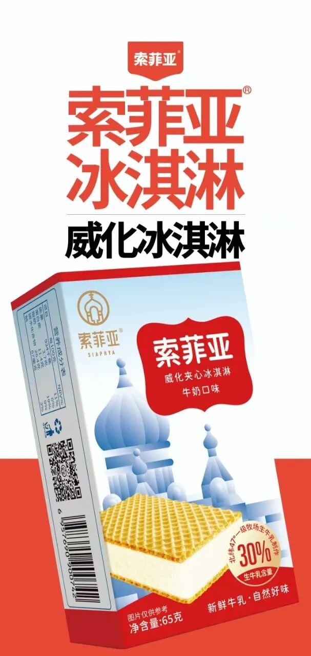 索菲亚威化冰淇淋于2017年开发上市,一直深受消费者的喜爱。产品采用特制的双层威化薄饼,夹心牛奶口味冰淇淋。手工烤制威化饼具有酥脆的口感,清新微甜的小麦香、与北纬47°黄金牧场、6小时锁鲜的生牛乳制成的冰淇淋融为一体。浓郁的奶香、甜感温和、香而不腻。该产品是一款值得慢慢品味的优质冰品,更是目前国内同类产品的典范。
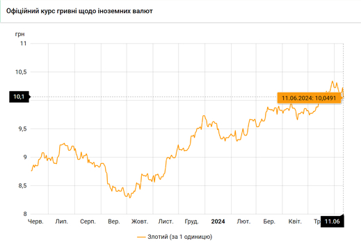 - 100 польских злотых – 1004 грн. (10,04 за злотый, -19 коп.)
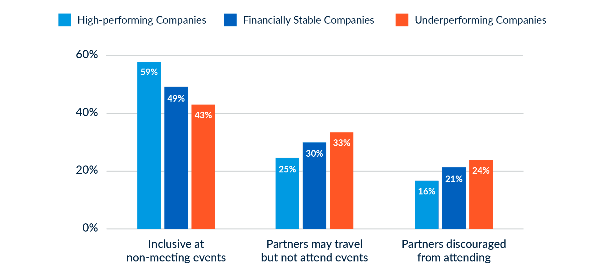 Las empresas reconocen claramente el beneficio de permitir que los empleados aprovechen al máximo su tiempo fuera de casa. En comparación con las empresas de bajo rendimiento, las organizaciones de alto rendimiento tienen un 15% más de probabilidades de ofrecer viajes de bleisure y un 16% más de probabilidades de incluir a los compañeros en eventos que no sean reuniones. Las empresas de bajo rendimiento muestran políticas más restrictivas en general, con casi una cuarta parte (24%) desalentando activamente la participación de los compañeros en comparación con el 16% en las organizaciones de alto rendimiento.
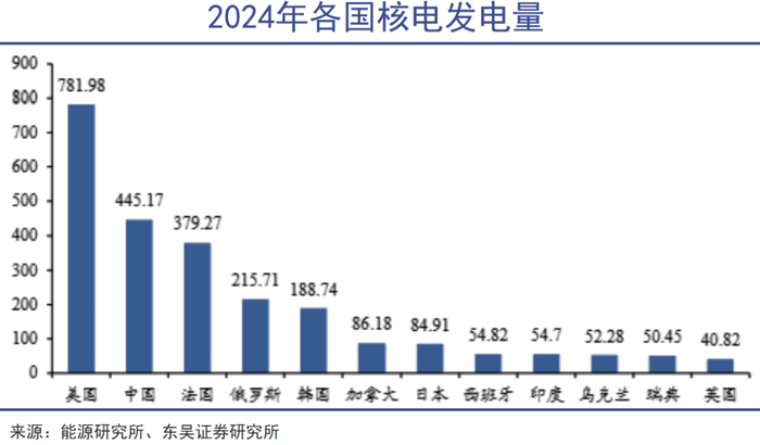 以美国为例,大部分核电机组都建成于上世纪70-80年代,现有在运核电机组94台,总装机容量为96.95 GWe。美国能源部(DOE)曾表示,要实现2050年净零排放目标,核电总装机容量还需要增加200 GWe。
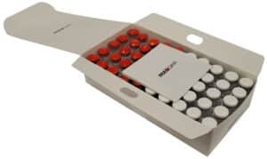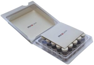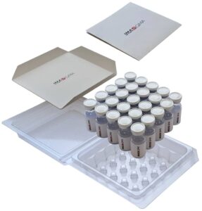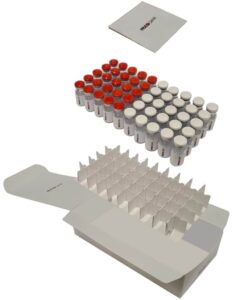 - 25 vials – The tray is a single-piece (clamshell) with an integrated lid
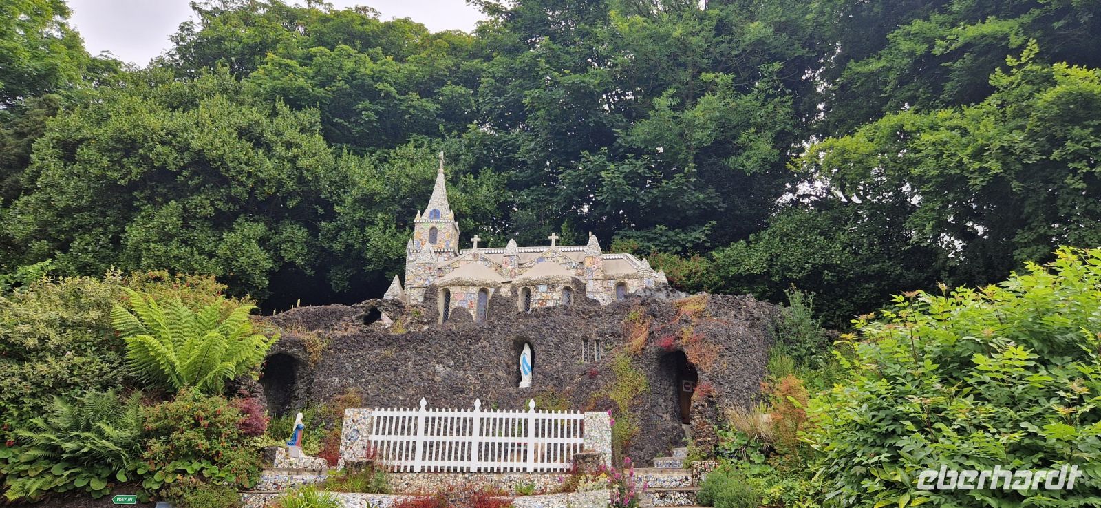 Es erwartete uns der örtliche Reiseleiter Ken und ein Kleinbus, mit dem wir zu einer kleinen Rundfahrt starteten. Die Fahrt geht an die Steilküste zur Saints Bay und dann weiter zur Little Chapel. Eine lustig wirkende Miniaturausgabe der Basilika von Lourdes, die von Bruder Déodat 1914 hier errichtet wurde. Es ist der dritte Bau(versuch), der nun tatsächlich auch zu betreten ist. Die Außen und Innenwände sind liebevoll mit Scherben verziert. Wir fahren die Westküste entlang und schauen auf das Meer und die langen Mauern als Schutz vor den Gewalten der Gezeiten. Dann geht es zurück nach St. Peter Port. Manny lädt uns ein diese Stadt näher kennenzulernen und erzählt viel Interessantes. Höhepunkt im wahrsten Sinne des Wortes war der Aufstieg oberhalb des Marktes, wo man einen herrlichen Blick über die Stadt und den Hafen hatte.
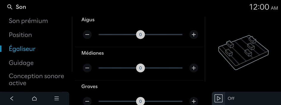 Réglez le son en ajustant le niveau (de sortie) de chaque bande audio : graves, Moyens et Aigus.
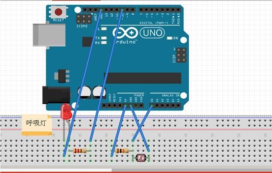 应用拓展: *可以改变灯的颜色种类,做到发出各种各样的光,为室内增添情调; (多增加几个LED灯,或控制亮的次序,做到更好的效果) *可以改变程序,变成植物光照提醒器; (改变光照值(ADbuffer<一个适合的光照强度 就可做到)) *同时改变蜂鸣器的频率可以编成音乐伴人入睡; (采用无源蜂鸣器,设置频率,简谱)(见《欢乐颂》) *也可以作为小夜灯; (微弱的呼吸灯,微弱灯光,随着你的呼吸,陪你一起入眠) *也可与家庭电路连接,自动开关电灯,为家里人提供方便 (在室内光线暗时,自动打开,不用摸黑走路) 构想之一: 实用性:可以保护视力,增加亮度 创新性:与传统的控光系统不同,可自动改变 科学性:适时的开关,不浪费电能,做到节能减排
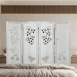 - πγPORTABLE AND FOLDABLEγ: Classical wooden room divider combined with carved design, suitable for different styles of places. Such as bedroom, living room, home, office, video conference, flat, studio, hotel, dining room, garden, terrace etc. This freestanding and folding privacy room divider is perfect for modern living room and bedroom screens are simple dividers for work and life.
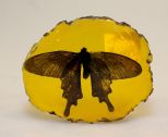 Baltic amber paperweight with incased moth.; 4" w. Baltic amber paperweight with incased moth.; 4" w.
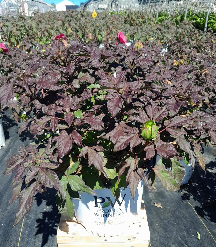 Huge 8”, puckered hot pink flowers cover a round, dense habit of near black foliage. A must have statement piece for your garden!

···

▸ PROMPT
Only exact lines belong in the answer: those from the beginning of the entries above through the line holding "- 100 польских", with no pictures.

▸ TASK RESPONSE
 索菲亚威化冰淇淋于2017年开发上市,一直深受消费者的喜爱。产品采用特制的双层威化薄饼,夹心牛奶口味冰淇淋。手工烤制威化饼具有酥脆的口感,清新微甜的小麦香、与北纬47°黄金牧场、6小时锁鲜的生牛乳制成的冰淇淋融为一体。浓郁的奶香、甜感温和、香而不腻。该产品是一款值得慢慢品味的优质冰品,更是目前国内同类产品的典范。
 - 100 польских злотых – 1004 грн. (10,04 за злотый, -19 коп.)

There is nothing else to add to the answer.